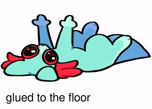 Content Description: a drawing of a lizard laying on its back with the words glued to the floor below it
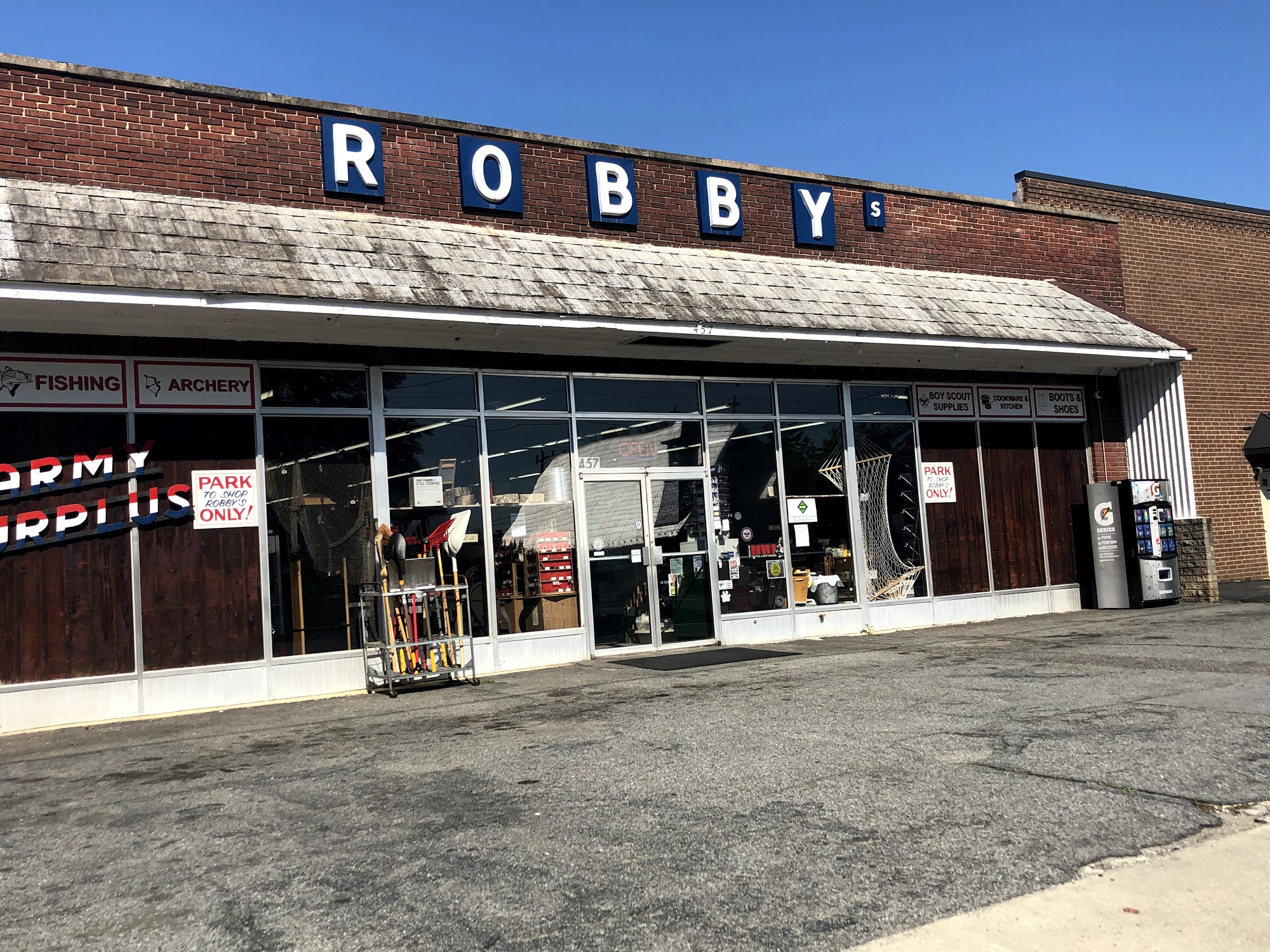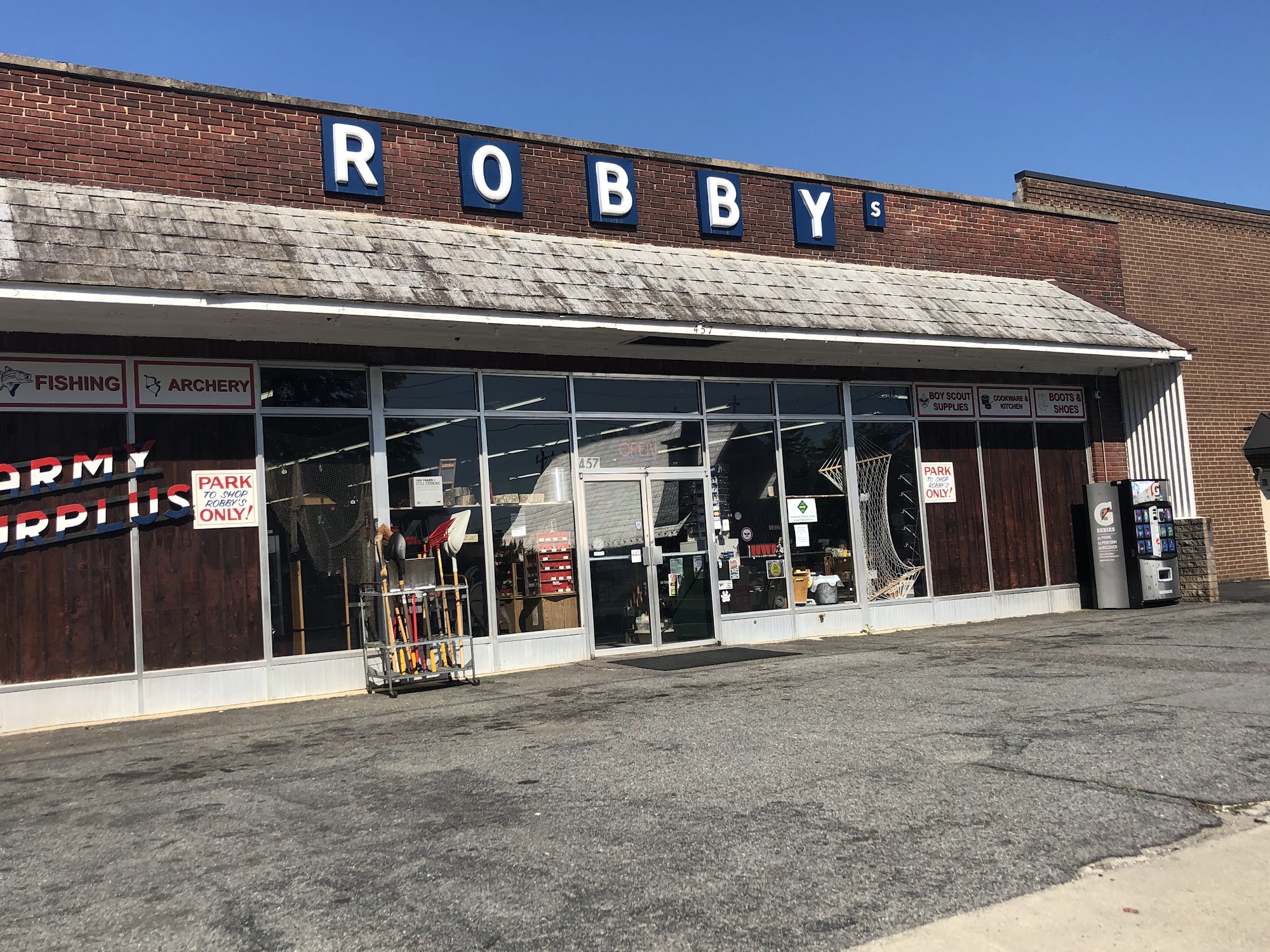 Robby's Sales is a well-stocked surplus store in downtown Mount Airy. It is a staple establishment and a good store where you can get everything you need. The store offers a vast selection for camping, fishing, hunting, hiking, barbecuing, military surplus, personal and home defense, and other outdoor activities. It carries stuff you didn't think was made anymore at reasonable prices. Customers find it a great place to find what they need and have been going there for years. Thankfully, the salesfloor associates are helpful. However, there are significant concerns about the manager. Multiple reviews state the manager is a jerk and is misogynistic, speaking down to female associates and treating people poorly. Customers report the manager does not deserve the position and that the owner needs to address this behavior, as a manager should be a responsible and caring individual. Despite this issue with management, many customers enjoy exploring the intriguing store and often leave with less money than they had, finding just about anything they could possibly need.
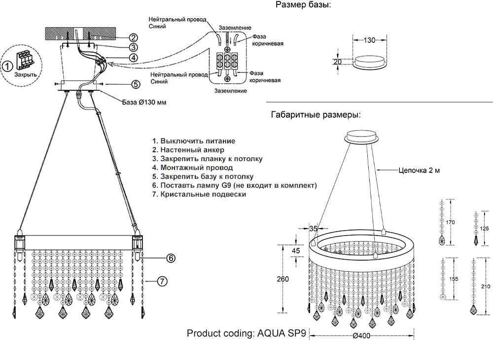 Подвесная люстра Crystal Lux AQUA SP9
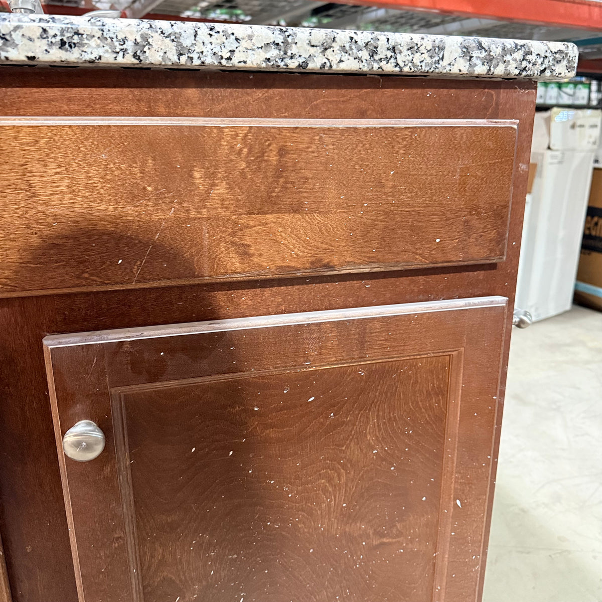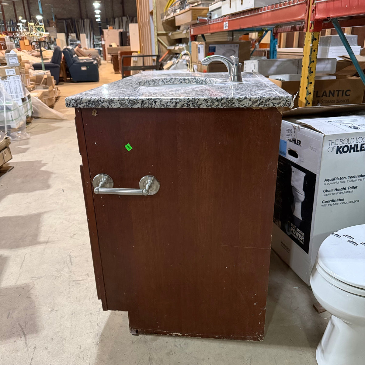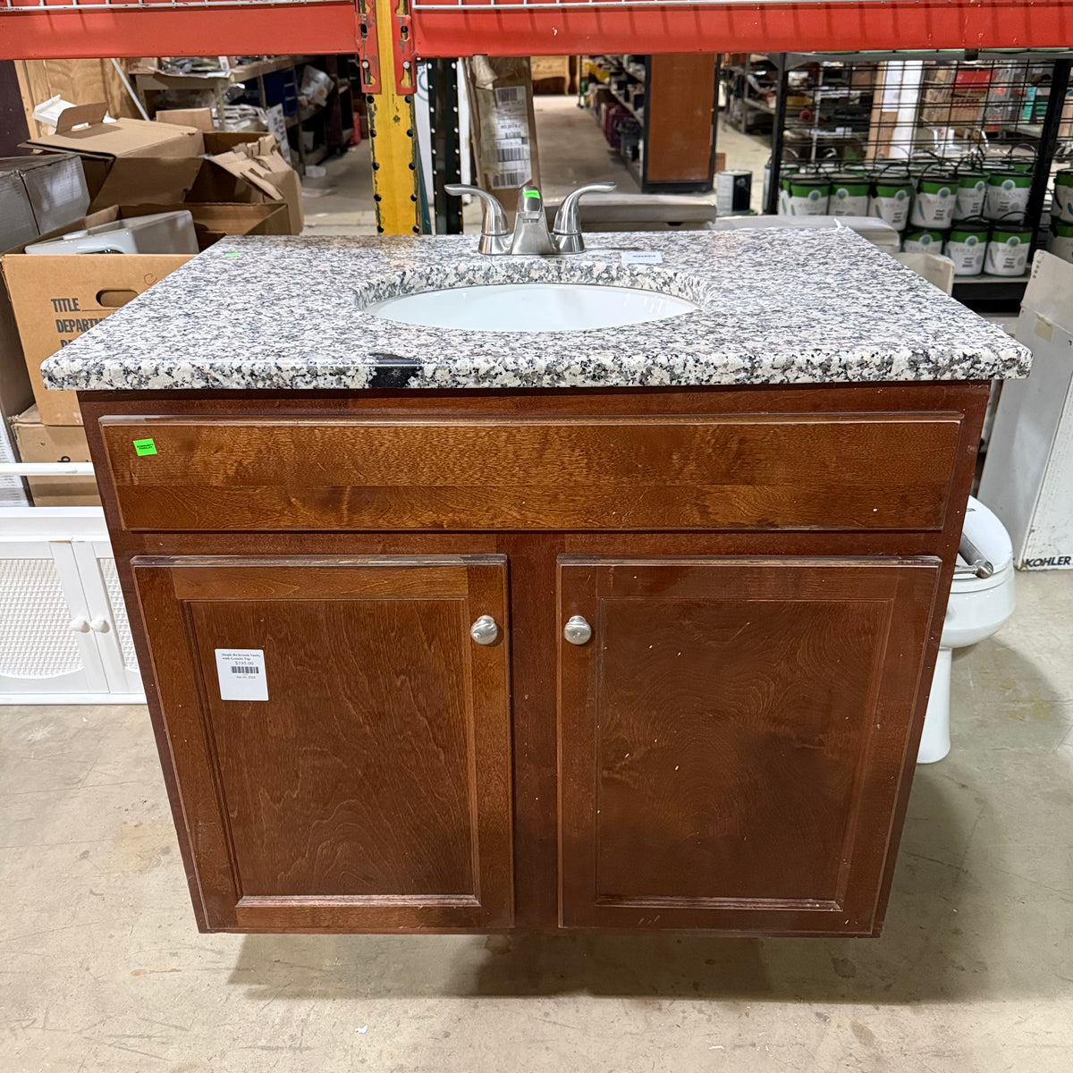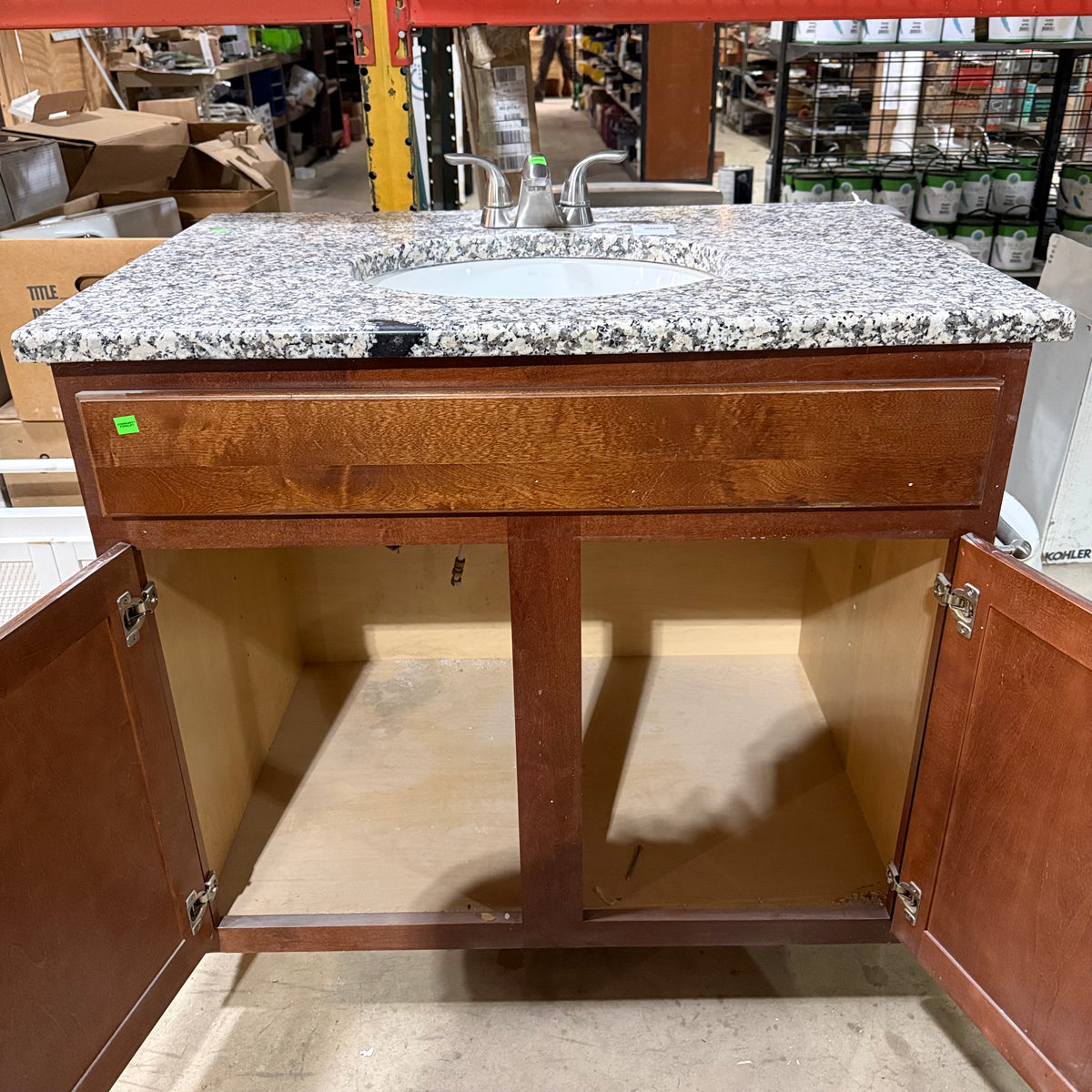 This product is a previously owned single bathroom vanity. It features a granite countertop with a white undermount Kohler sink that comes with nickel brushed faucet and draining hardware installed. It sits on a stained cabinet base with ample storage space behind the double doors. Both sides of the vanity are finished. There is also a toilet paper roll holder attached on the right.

§ WHAT THE TASK ASKS: Going from the line that holds "Robby's Sales is" to the end of the listing above, copy each line exactly and nothing more, leaving pictures aside.

§ PROBLEM SOLUTION:
 Robby's Sales is a well-stocked surplus store in downtown Mount Airy. It is a staple establishment and a good store where you can get everything you need. The store offers a vast selection for camping, fishing, hunting, hiking, barbecuing, military surplus, personal and home defense, and other outdoor activities. It carries stuff you didn't think was made anymore at reasonable prices. Customers find it a great place to find what they need and have been going there for years. Thankfully, the salesfloor associates are helpful. However, there are significant concerns about the manager. Multiple reviews state the manager is a jerk and is misogynistic, speaking down to female associates and treating people poorly. Customers report the manager does not deserve the position and that the owner needs to address this behavior, as a manager should be a responsible and caring individual. Despite this issue with management, many customers enjoy exploring the intriguing store and often leave with less money than they had, finding just about anything they could possibly need.
 Подвесная люстра Crystal Lux AQUA SP9
 This product is a previously owned single bathroom vanity. It features a granite countertop with a white undermount Kohler sink that comes with nickel brushed faucet and draining hardware installed. It sits on a stained cabinet base with ample storage space behind the double doors. Both sides of the vanity are finished. There is also a toilet paper roll holder attached on the right.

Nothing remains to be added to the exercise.